Angelo didn’t say anything. Jack recognized how frightened he was. For decades, he’d been running, and he’d finally been caught. Maybe it had been because of Jack and Addison; maybe it hadn’t. But the fact remained that it was over for him, while the Whitmore family could rebuild.
“I’ll visit you,” Francesca said gently. “But it’s only because I love you, and I’ve worried about you over the years. Despite everything. Despite every horror you brought into my life.”
Angelo closed his eyes. Jack’s stomach pounded.
“Once a year,” Francesca affirmed. “I’ll come wherever you are.”
“And you’ll write me,” Angelo pushed it.
“Only if you confess,” Francesca finished.
Before Angelo could answer, the guard entered to say it was time to go.
Angelo was led out of his little room, pale-faced, his eyes searching.
He looked like a child. Jack followed after his mother, winding behind her down the hall and into the clear light of the parking lot.
He kept waiting for her to break down and cry, but that wasn’t Francesca’s way.
When she turned to look at him, she looked prettier than he’d seen her since the chemo had begun.
What she said should have been obvious to any Italian American kid. “What shall we have for dinner tonight? I’m already starved.”
In the days that followed their visit with Angelo, the Whitmore family threw themselves into last-minute preparations for the reopening of the White Oak Lodge.
Every room in the place was fully booked for the first weekend.
The chefs were primed and ready with their specially made menu, every painting was hung straight, every banister was shining, and every blade of grass on the lawn was glistening green with vitality.
Standing with Addison on the back porch, watching his family gather on the beach for a picnic, Jack was overcome with disbelief.
He couldn’t believe that he’d made it this far.

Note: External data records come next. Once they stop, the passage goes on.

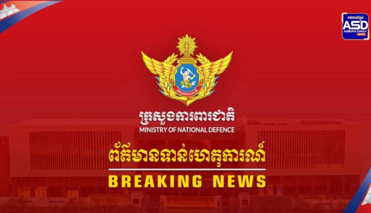 (ភ្នំពេញ)ក្រសួងការពារជាតិសូមជម្រាបជូននូវស្ថានការណ៍នៅតាមបន្ទាត់ព្រំដែនកម្ពុជា-ថៃ អំពី ករណីយោធាថៃ បានធ្វើសកម្មភាព និងបើកការបាញ់ប្រហារមកក្នុងដែនអធិបតេយ្យស្របច្បាប់របស់កម្ពុជា នៅក្នុងភូមិសាស្រ្តយោធភូមិភាគទី៤ ក្នុង ខេត្តឧត្តរមានជ័យ ចាប់ផ្តើមការបាញ់ប្រហារនៅវេលាម៉ោង ០៤:៤០នាទី នៅព្រឹក ថ្ងៃទី១១ ខែធ្នូ ឆ្នាំ២០២៥ ដោយបានបាញ់កាំភ្លើងធំចូលក្នុងភូមិសាស្ត្រប្រាសាទខ្នា។ កងកម្លាំងកម្ពុជាបាននឹងកំពុងប្រយុទ្ធតតាំងជាមួយសត្រូវឈ្លាពានយ៉ាងស្វិតស្វាញ់ និងយ៉ាងរឹងមាំ ក្នុងការបំពេញតួនាទីរបស់ខ្លួន ដើម្បីការពារបូរណភាពទឹកដីរបស់កម្ពុជា។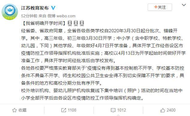 中新网3月21日电 据江苏省教育厅官方微博消息,江苏全省各级各类学校自2020年3月30日起分批次、错峰开学。其中,高三年级、初三年级3月30日开学;中小学(含中职学校、特教学校、幼儿园,下同)其他学段、年级做好4月7日开学准备,具体开学工作经各设区市疫情防控工作领导指挥机构批准后实施;高校以4月13日为开学起始时间做好开学准备工作,具体开学时间经批准后由学校发布。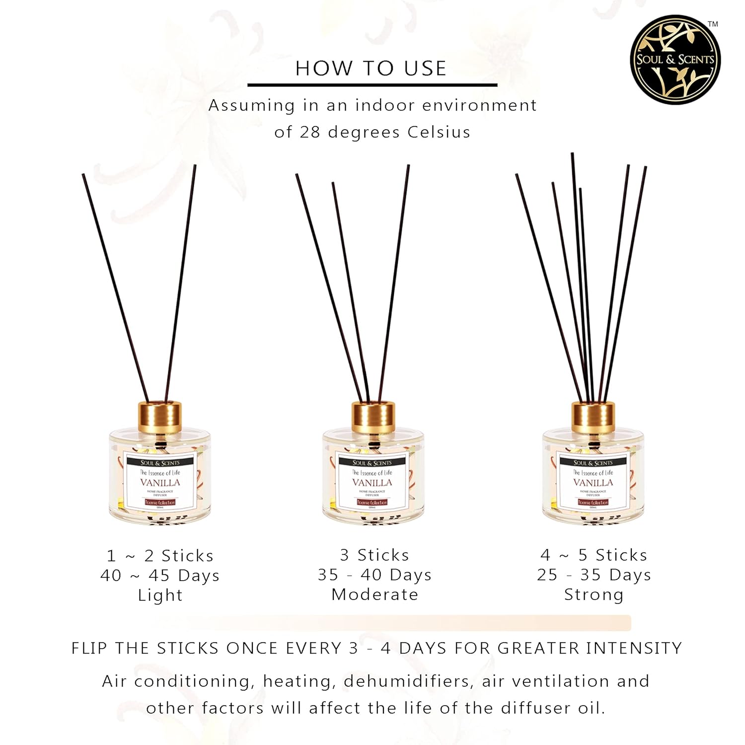 Easy to Use: The diffuser is user-friendly—simply remove the cap and plastic plug, insert the reed sticks, and adjust the quantity to achieve your preferred level of fragrance intensity.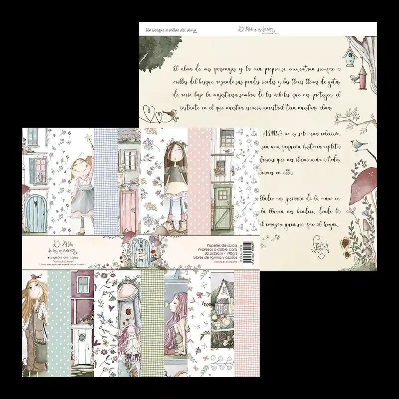 Kit UN BOSQUE A ORILLAS DEL ALMA de EL ALTILLO DE LOS DUENDESCon esta nueva colección, Nevy nos vuelve a tocar el alma. Consta de 10 papeles a doble cara, más la portada aprovechable.Papel 190 gr. sin ácidos ni ligninas. 30.5 x30.5 cm

“Come on,” Addison said, laughing as she laced her fingers through his and tugged him across the lawn, past the horse stables, and onto the sand.
They could hear the horses neighing, awaiting the opening weekend.
Sometimes he wondered what his mother felt about the horses, about the stables, as he knew that was where she’d first met Jefferson Albright all those years ago.
But as they approached his parents on the beach, he noted Francesca’s face as she gazed at Benjamin; she looked at him with all the love in the world.
She looked at him as though everything in the past could be fixed.
Maybe fixing anything so far in the past was impossible, Jack thought.
But if anyone was made for the task, it was the Whitmores, as they were ready and waiting for the future.